#### [EXERCISE DATA]
• • • • •
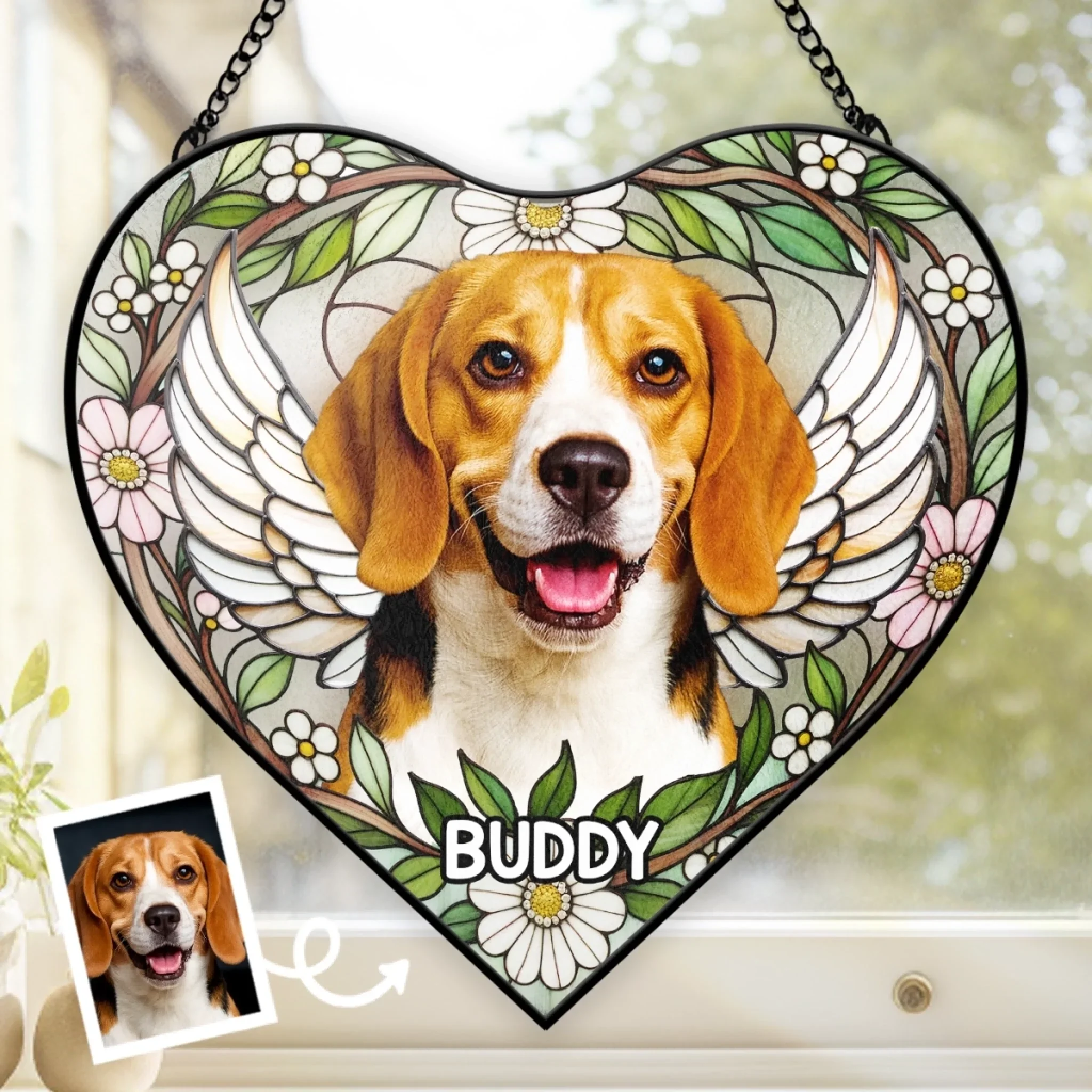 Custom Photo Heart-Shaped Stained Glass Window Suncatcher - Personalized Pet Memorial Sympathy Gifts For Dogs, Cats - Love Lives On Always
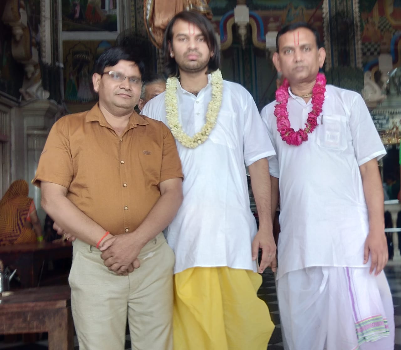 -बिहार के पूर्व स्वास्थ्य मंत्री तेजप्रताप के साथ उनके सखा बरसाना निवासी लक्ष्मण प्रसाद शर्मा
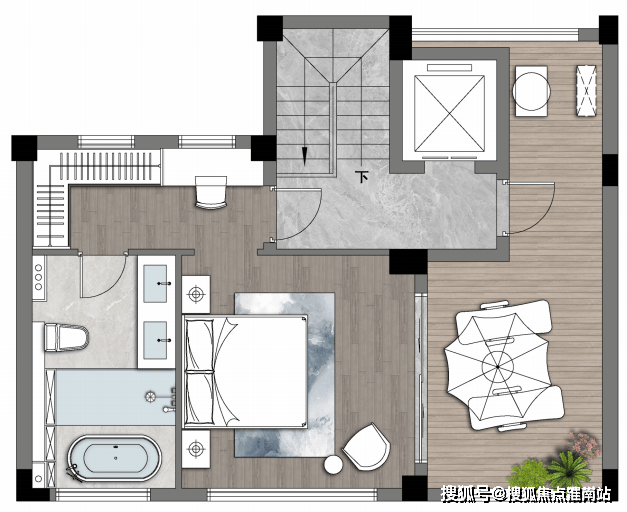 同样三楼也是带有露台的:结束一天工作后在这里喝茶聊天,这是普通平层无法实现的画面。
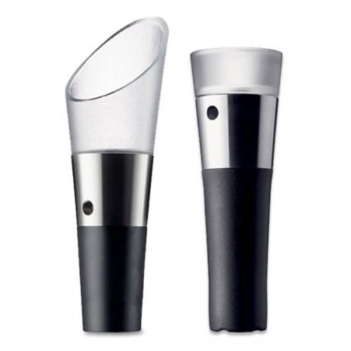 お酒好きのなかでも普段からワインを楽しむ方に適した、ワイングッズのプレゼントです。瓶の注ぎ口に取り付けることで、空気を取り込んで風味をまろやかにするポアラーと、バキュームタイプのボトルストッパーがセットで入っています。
• • • • •
#### [WHAT YOU WILL DO]
Retype the listing above exactly as it appears, omitting the pictures.

#### [TASK RESULT]
 Custom Photo Heart-Shaped Stained Glass Window Suncatcher - Personalized Pet Memorial Sympathy Gifts For Dogs, Cats - Love Lives On Always
 -बिहार के पूर्व स्वास्थ्य मंत्री तेजप्रताप के साथ उनके सखा बरसाना निवासी लक्ष्मण प्रसाद शर्मा
 同样三楼也是带有露台的:结束一天工作后在这里喝茶聊天,这是普通平层无法实现的画面。
 お酒好きのなかでも普段からワインを楽しむ方に適した、ワイングッズのプレゼントです。瓶の注ぎ口に取り付けることで、空気を取り込んで風味をまろやかにするポアラーと、バキュームタイプのボトルストッパーがセットで入っています。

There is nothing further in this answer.